Кто-то неосторожно сказал ему, что если он не будет есть, то зрение вернется к нему. Он морит себя голодом; вода, вода, только вода... Старых знакомых тоже не принимает в своей клинике: «Я их не вижу, каков смысл ?» Ведь раньше все его герои были срисованы с близких знакомых, в каждом он видел доброту, мужество, прямо-таки вытаскивал их на холст... Друзья были объектом исследования титанов Возрождения... Рублевские иконы кажутся мне автопортретами... Лучшие вещи Врубеля написаны с тех, кого он больше всего любил: покойный Саввушка, Надежда Забелла, Мамонтов, Прахова, с которой он писал Богоматерь, Арцыбашев, Брюсов...
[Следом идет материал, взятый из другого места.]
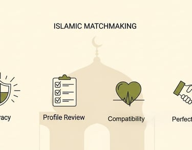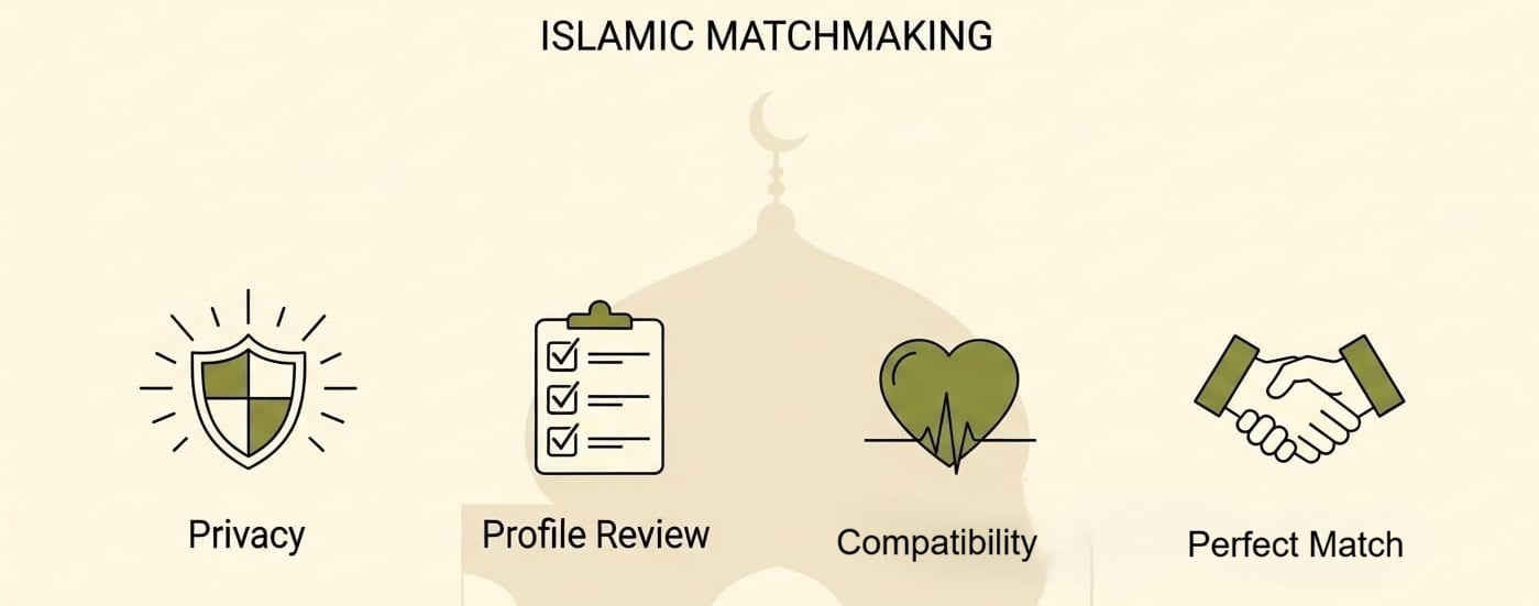 خدمة استشارية للزواج الإسلامي الجاد، تربط أصحاب النية الصادقة بطريقة محترمة، خاصة، وبإشراف بشري — بدون تصفح عشوائي أو دردشة مفتوحة.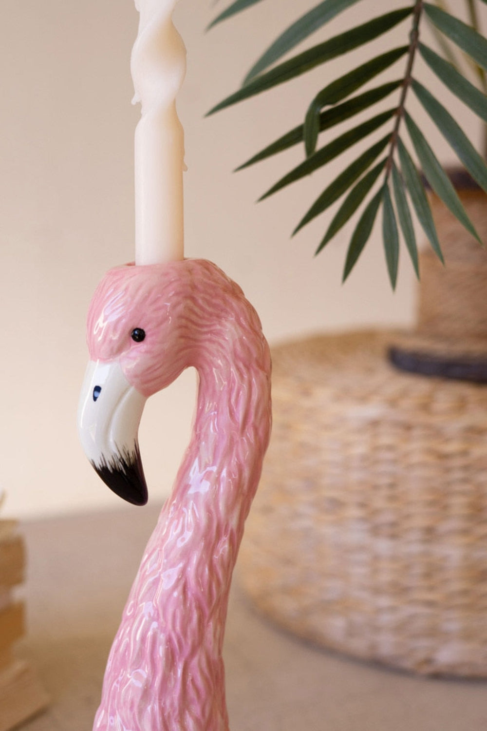 animal figurine candle holder,beach style candle holder,ceramic flamingo candle holder,coastal table décor,flamingo home accessories,flamingo taper holder,glazed ceramic candleholder,glossy ceramic taper holder,handcrafted flamingo décor,pink flamingo home décor,tropical ceramic candleholder,tropical décor accents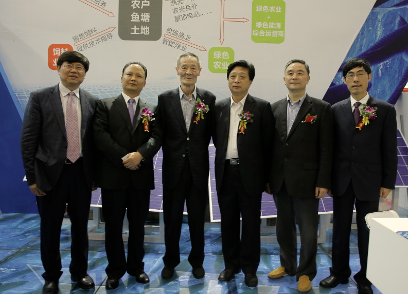 開幕式結(jié)束后,高鴻賓會(huì)長(zhǎng)等一行領(lǐng)導(dǎo)在劉主席的陪同下到通威展臺(tái)參觀,劉主席向高會(huì)長(zhǎng)詳細(xì)地介紹了通威“漁光一體”創(chuàng)新模式。通威“漁光一體”項(xiàng)目以光伏發(fā)電站為主,漁業(yè)養(yǎng)殖為輔,結(jié)合通威365健康養(yǎng)殖模式,拓展了通威太陽能光伏技術(shù)應(yīng)用領(lǐng)域,通過“水上產(chǎn)出清潔能源、水下生產(chǎn)安全通威魚”,達(dá)到光伏發(fā)電與漁業(yè)養(yǎng)殖的一體化有機(jī)結(jié)合,實(shí)現(xiàn)了“魚、電、環(huán)保”三豐收。

Рассказывают, что и слепой, в больнице, он по-прежнему тщательно следит за костюмом, попросил сшить себе черную камлотовую блузу с белым воротником, поверх накидывает шотландский плед, и порою создается впечатление, что он все видит, только не хочет в этом никому признаться... Устал от з р е н и я... У с т а л...
Ни один человек из Императорской Академии не приходил к нему с визитом... Впрочем, однажды кто-то спрашивал, не примет ли... Он ответил благодарностью...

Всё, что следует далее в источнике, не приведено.